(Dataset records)
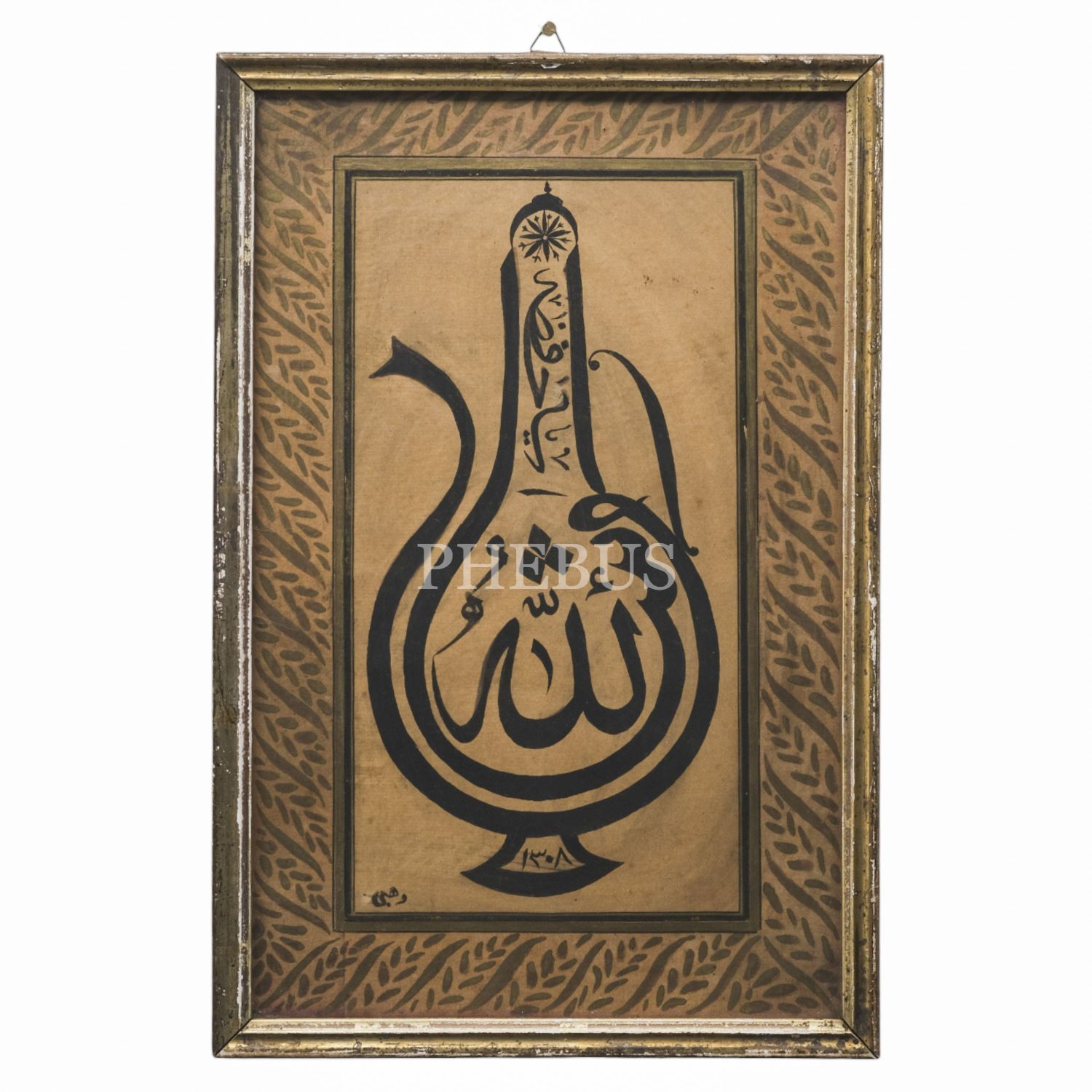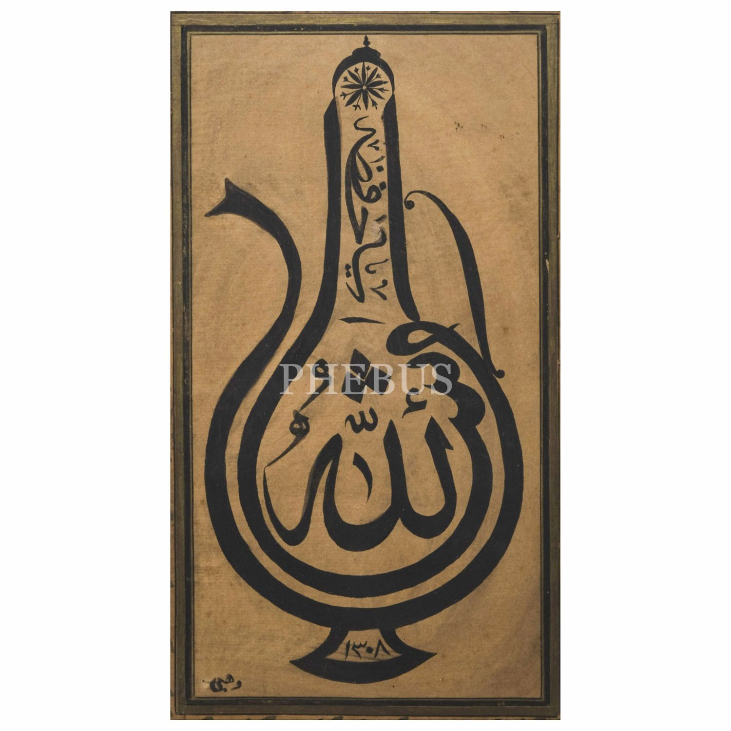 Vehbi ketebeli ibrik formunda sülüs levha, 1308 tarihli, yazı ölçü: 15x28 cm...
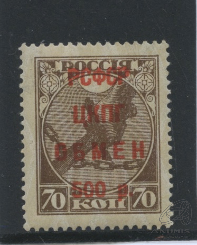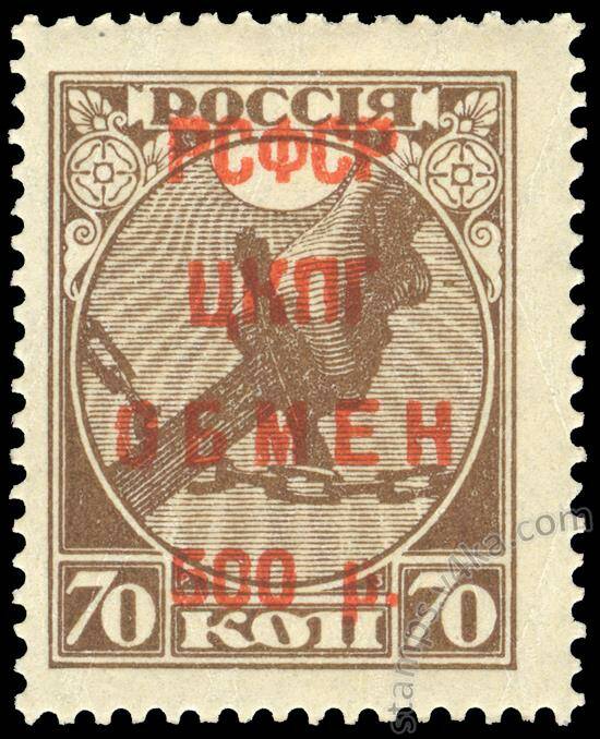 Негашёная марка филателистического обмена "500 рублей" цельный клеевой слой, след от наклейки 1922. СССР. Лот № 4819. Аукцион №
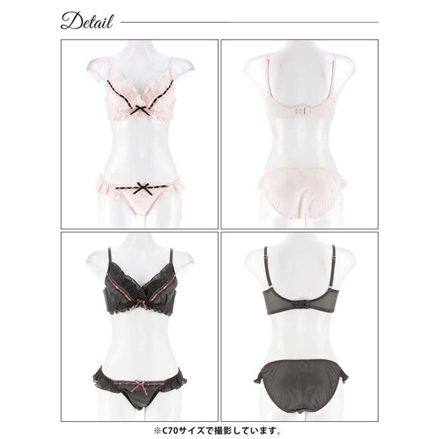 ふんわりとしたプリーツフリルにリボンを通したレースを重ねたフェミニンテイスト満載なランジェリー。
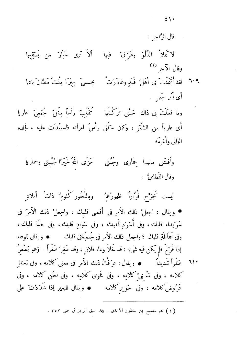 ( وما فعلت بي ذاك حتى تركتها ... تقلب رأسا مثل جمعي عاريا )
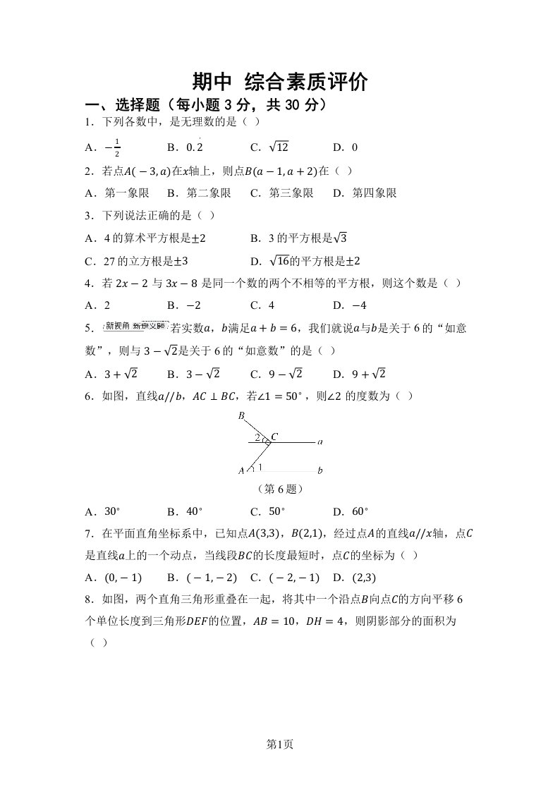 七下数学期中 综合素质评价(含答案)QXSXRJ-0015
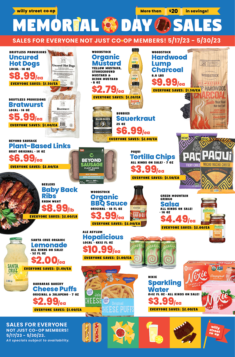 We have a selection of cookout-friendly products on sale for all customers May 17, 2023 through May, 30, 2023. There are meat and meat-free sausages, charcoal, condiments, chips, and beverages included—over $20 worth of savings! For more Co-op Deals sales (also for all customers), click here.
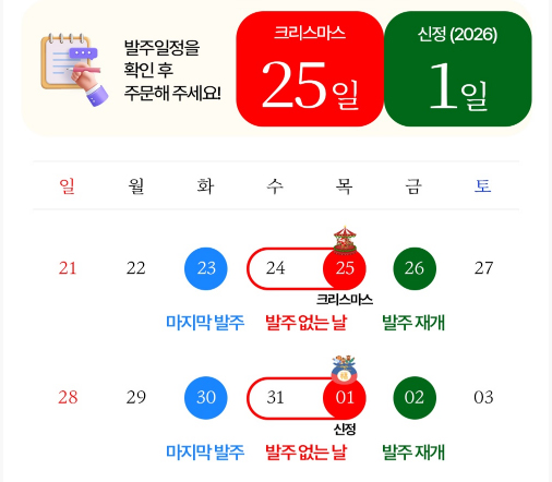 [중요] 12월 공휴일 계란 발주 및 배송 일정 변경 안내.
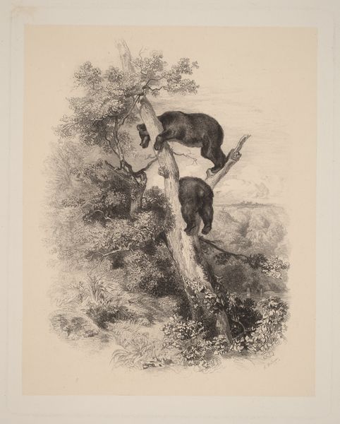 Karl Bodmer’s print, ‘Les ours’, presents a scene of bears climbing a tree, rendered with meticulous detail. Bears, throughout history, have symbolized primal strength, courage, and a connection to the untamed wilderness. Consider the enduring presence of bear imagery across cultures. From the bear cults of ancient civilizations to its representation in European heraldry, the bear embodies raw power. Even in children’s stories, the figure of the bear oscillates between fearsome predator and comforting protector, tapping into our collective unconscious. Observe, for instance, how the upward movement of the bears in Bodmer's print mirrors the ancient motif of ascent, a universal symbol of spiritual or physical striving. The act of climbing suggests a desire to reach a higher state, echoing the imagery found in religious and mythological narratives worldwide. It evokes a deep-seated, primal response within us, stirring a sense of awe and respect for the natural world. Thus, Bodmer's ‘Les ours’ is not merely a depiction of wildlife, but a powerful engagement with archetypal symbols, inviting viewers to confront their own relationship with nature and the primal forces that continue to shape our collective psyche.
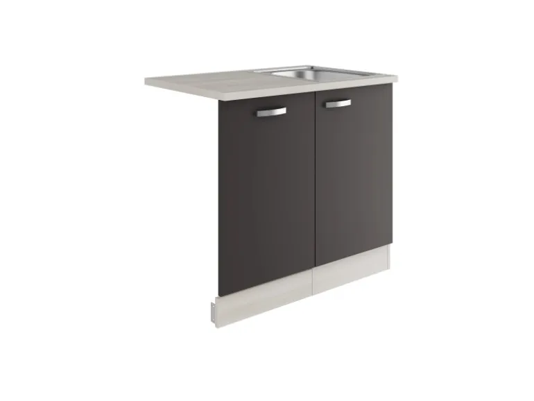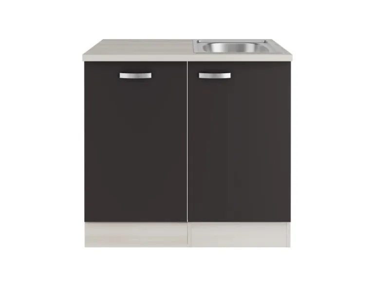 Die Serie Faro220 ist mit der Kombination aus Frontfarbe in Anthrazit mit Korpus und Arbeitsplatte in Akazie Nachbildung perfekt abgestimmt. Die gebürsteten Metallgriffe runden den Look ab und machen Ihre Küche zu einem echten Hingucker.
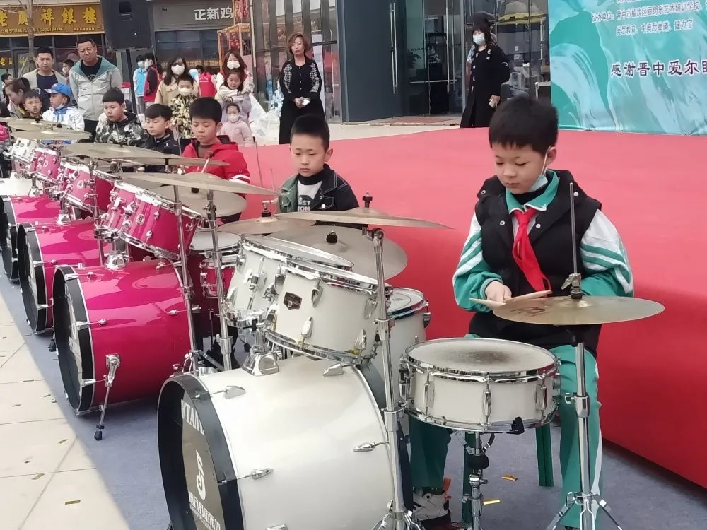 活动的主办方还邀请了锣鼓队来助阵,让孩子们更好的了解山西的锣鼓文化。

> _ASSIGNED TASK_: Your output should be the full set of entries above, restated word for word and free of pictures.

> _WRITTEN ANSWER_:
 Vehbi ketebeli ibrik formunda sülüs levha, 1308 tarihli, yazı ölçü: 15x28 cm...
 Негашёная марка филателистического обмена "500 рублей" цельный клеевой слой, след от наклейки 1922. СССР. Лот № 4819. Аукцион №
 ふんわりとしたプリーツフリルにリボンを通したレースを重ねたフェミニンテイスト満載なランジェリー。
 ( وما فعلت بي ذاك حتى تركتها ... تقلب رأسا مثل جمعي عاريا )
 七下数学期中 综合素质评价(含答案)QXSXRJ-0015
 We have a selection of cookout-friendly products on sale for all customers May 17, 2023 through May, 30, 2023. There are meat and meat-free sausages, charcoal, condiments, chips, and beverages included—over $20 worth of savings! For more Co-op Deals sales (also for all customers), click here.
 [중요] 12월 공휴일 계란 발주 및 배송 일정 변경 안내.
 Karl Bodmer’s print, ‘Les ours’, presents a scene of bears climbing a tree, rendered with meticulous detail. Bears, throughout history, have symbolized primal strength, courage, and a connection to the untamed wilderness. Consider the enduring presence of bear imagery across cultures. From the bear cults of ancient civilizations to its representation in European heraldry, the bear embodies raw power. Even in children’s stories, the figure of the bear oscillates between fearsome predator and comforting protector, tapping into our collective unconscious. Observe, for instance, how the upward movement of the bears in Bodmer's print mirrors the ancient motif of ascent, a universal symbol of spiritual or physical striving. The act of climbing suggests a desire to reach a higher state, echoing the imagery found in religious and mythological narratives worldwide. It evokes a deep-seated, primal response within us, stirring a sense of awe and respect for the natural world. Thus, Bodmer's ‘Les ours’ is not merely a depiction of wildlife, but a powerful engagement with archetypal symbols, inviting viewers to confront their own relationship with nature and the primal forces that continue to shape our collective psyche.
 Die Serie Faro220 ist mit der Kombination aus Frontfarbe in Anthrazit mit Korpus und Arbeitsplatte in Akazie Nachbildung perfekt abgestimmt. Die gebürsteten Metallgriffe runden den Look ab und machen Ihre Küche zu einem echten Hingucker.
 活动的主办方还邀请了锣鼓队来助阵,让孩子们更好的了解山西的锣鼓文化。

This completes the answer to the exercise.